WORK REQUIRED
Working from the data below, write out exactly the lines from its first through the line that contains "बाढ़ में डूबे तेंदुए का वीडियो वायरल", both ends included and pictures omitted.

[Extracted records]
·····
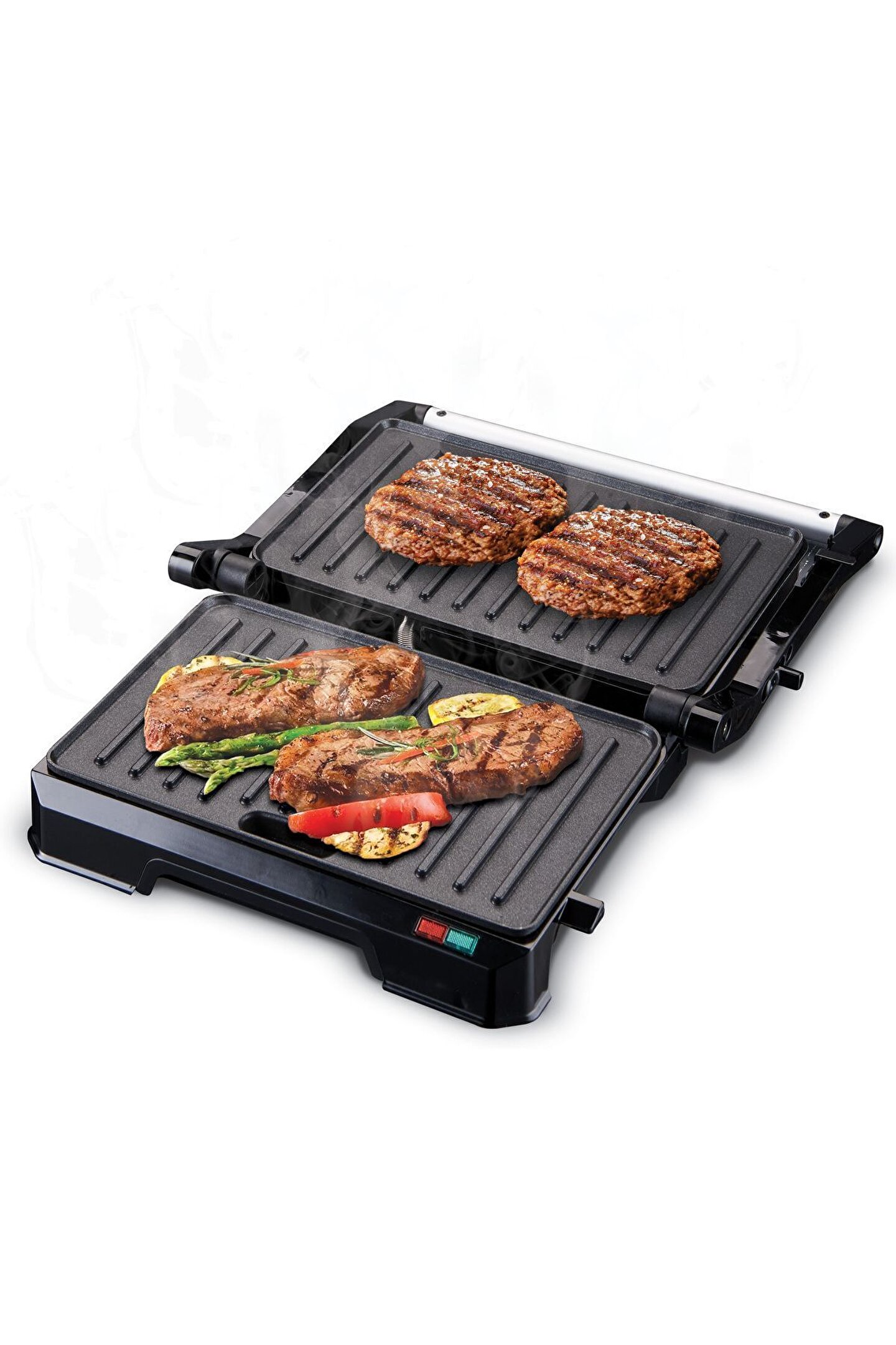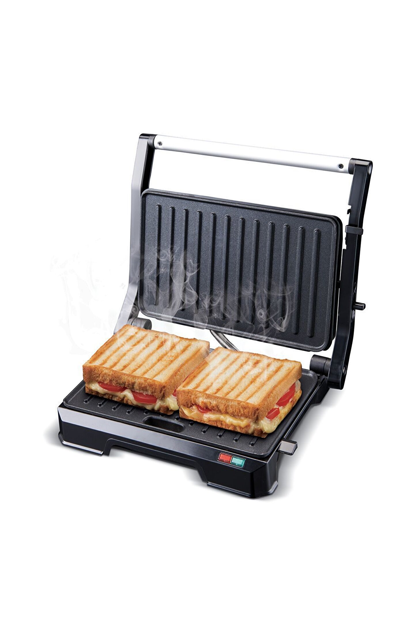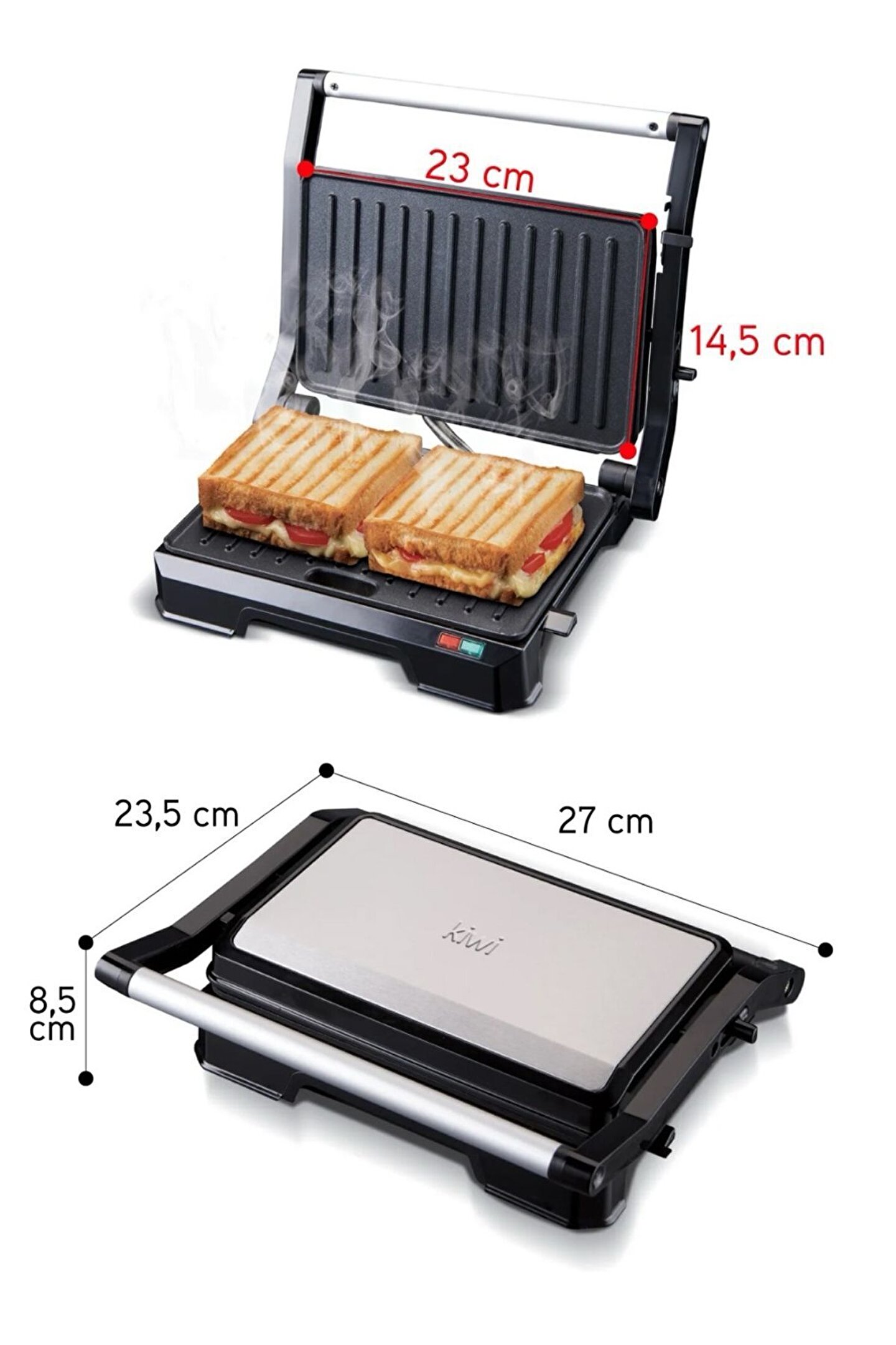 Kolay temizlik için muhafazalı plakalar.;Paslanmaz çelik gövde.;Soğuk dokunuşlu güvenli sap.;180 derece açılabilir.;90 derece kullanım için kilit.;Güç ve pişirmeye hazır ışık göstergesi.;Damlama tepsisi.;Kaymaz ayaklar.;Ürün boyutu: 283x236x84mm, plaka boyutu: 230x145mm.
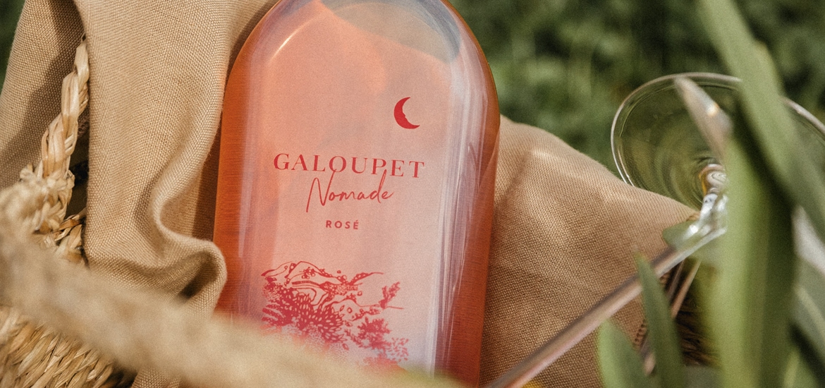 The bottle is made by Packamama, formerly known as Garçon Wines, and weighs 63 grams, almost 10 times lighter than a standard rosé bottle. This lends the bottle a lower carbon footprint, and, combined with its novel flat shape being 40% spatially smaller than a circular format, also means it is more efficient to pack, transport and post. Not only is the bottle a first for Moët Hennessy and Côtes de Provence, but it also sets a new precedent for Packamama, as Galoupet Nomade uses silk screen printing techniques applied directly on to the format, which has never been done before with a plastic wine bottle.
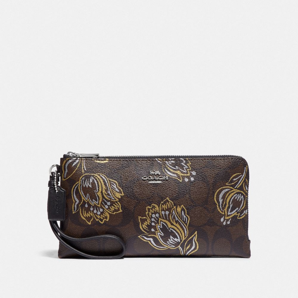 DOUBLE ZIP WALLET IN SIGNATURE CANVAS WITH TULIP PRINT
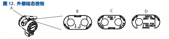使用位于頂部銘*下、三組可能的外部組態按鈕中某一組進行零點調校。為了操作組態按鈕,需要松開螺釘,滑動變送器頂部的銘*。參照圖 10 來確認功能。
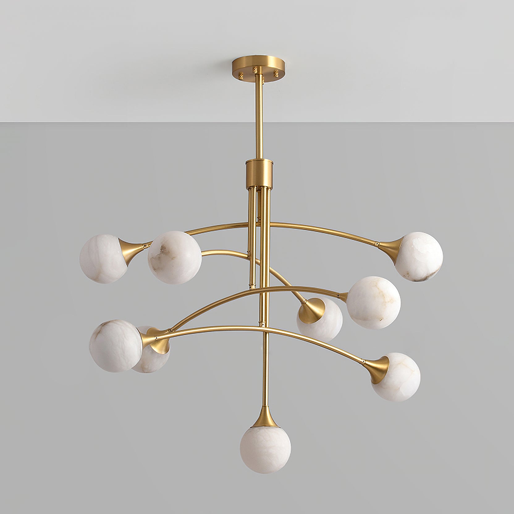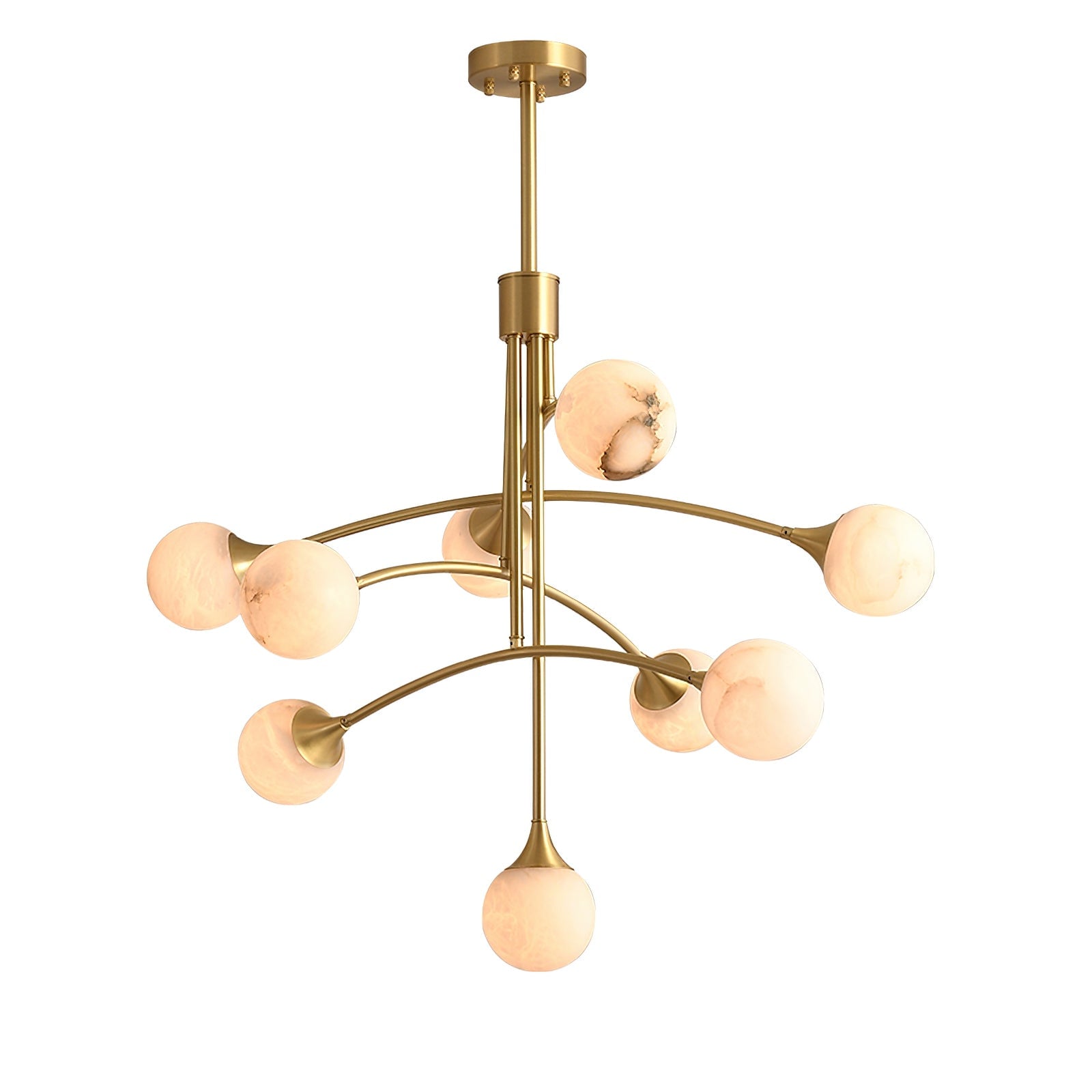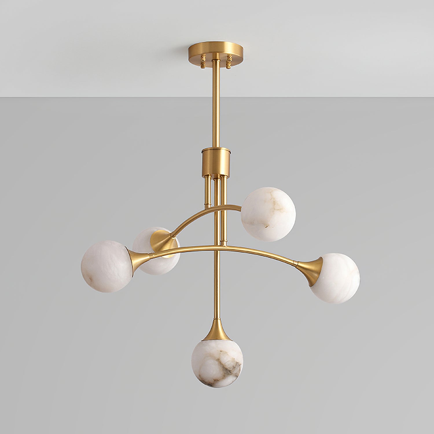 The Solaire Chandelier from Mooijane exudes elegance with its smooth white alabaster globe, slender brass arms, and refined structure. Designed to elevate any space, it offers a soft, ambient glow and a timeless silhouette—making it a striking centerpiece for dining rooms, living areas, or entryways.
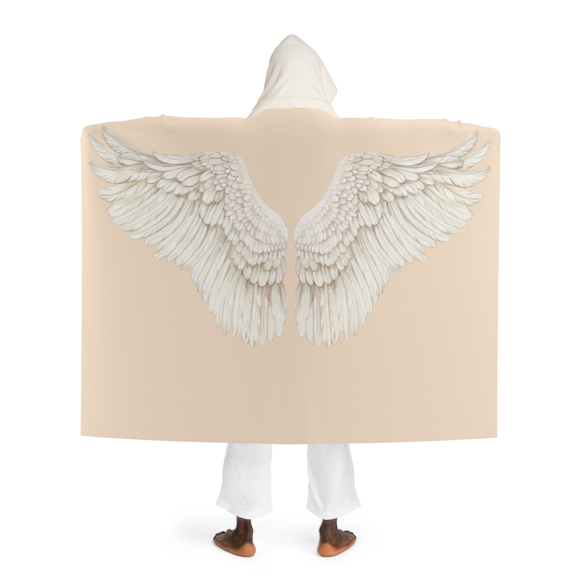 ENGEL FLÜGEL • Kapuzen Kuscheldecke Beige Creme • Wohndecke Sherpa 130cm x 180cm
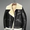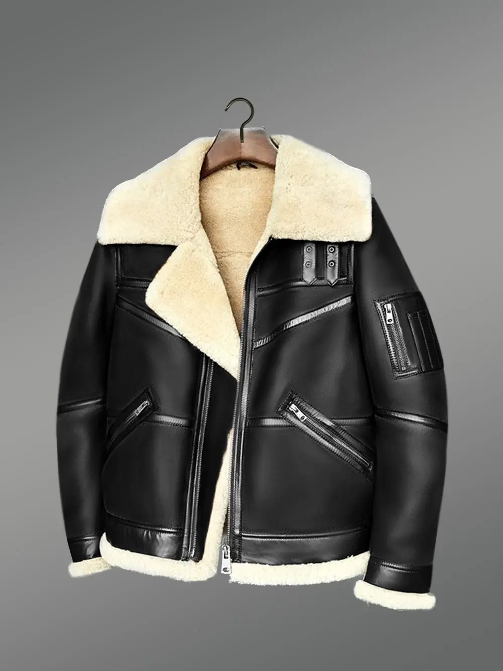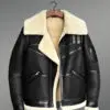 Moto Style Shearling Black Jacket With Double Collar Belts
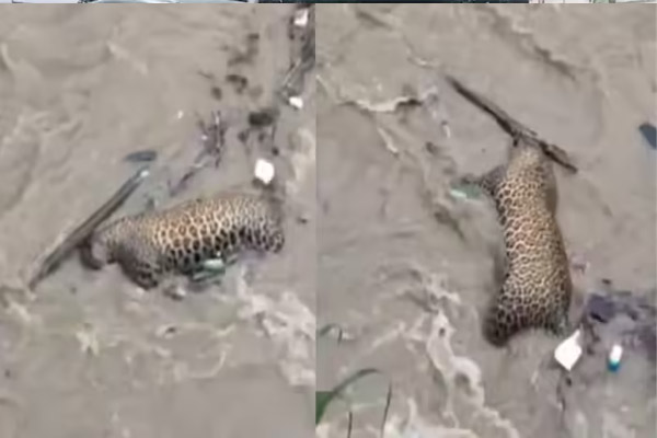 बाढ़ में डूबे तेंदुए का वीडियो वायरल
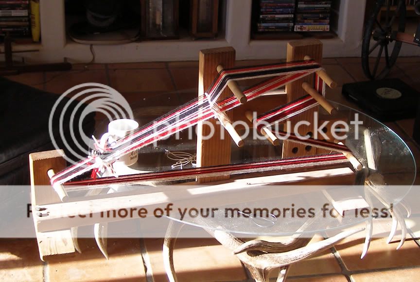 This is the Inkle loom the strap was done on. At this point it is about 2/3's strung in preperation for weaving. The empty holes are for length adjustment, by changing the position of the dowels you make the finished strap longer or shorter. This style of weaving goes back to the Middle Ages, if not further...
·····
RESPONSE BOX
 Kolay temizlik için muhafazalı plakalar.;Paslanmaz çelik gövde.;Soğuk dokunuşlu güvenli sap.;180 derece açılabilir.;90 derece kullanım için kilit.;Güç ve pişirmeye hazır ışık göstergesi.;Damlama tepsisi.;Kaymaz ayaklar.;Ürün boyutu: 283x236x84mm, plaka boyutu: 230x145mm.
 The bottle is made by Packamama, formerly known as Garçon Wines, and weighs 63 grams, almost 10 times lighter than a standard rosé bottle. This lends the bottle a lower carbon footprint, and, combined with its novel flat shape being 40% spatially smaller than a circular format, also means it is more efficient to pack, transport and post. Not only is the bottle a first for Moët Hennessy and Côtes de Provence, but it also sets a new precedent for Packamama, as Galoupet Nomade uses silk screen printing techniques applied directly on to the format, which has never been done before with a plastic wine bottle.
 DOUBLE ZIP WALLET IN SIGNATURE CANVAS WITH TULIP PRINT
使用位于頂部銘*下、三組可能的外部組態按鈕中某一組進行零點調校。為了操作組態按鈕,需要松開螺釘,滑動變送器頂部的銘*。參照圖 10 來確認功能。
 The Solaire Chandelier from Mooijane exudes elegance with its smooth white alabaster globe, slender brass arms, and refined structure. Designed to elevate any space, it offers a soft, ambient glow and a timeless silhouette—making it a striking centerpiece for dining rooms, living areas, or entryways.
 ENGEL FLÜGEL • Kapuzen Kuscheldecke Beige Creme • Wohndecke Sherpa 130cm x 180cm
 Moto Style Shearling Black Jacket With Double Collar Belts
 बाढ़ में डूबे तेंदुए का वीडियो वायरल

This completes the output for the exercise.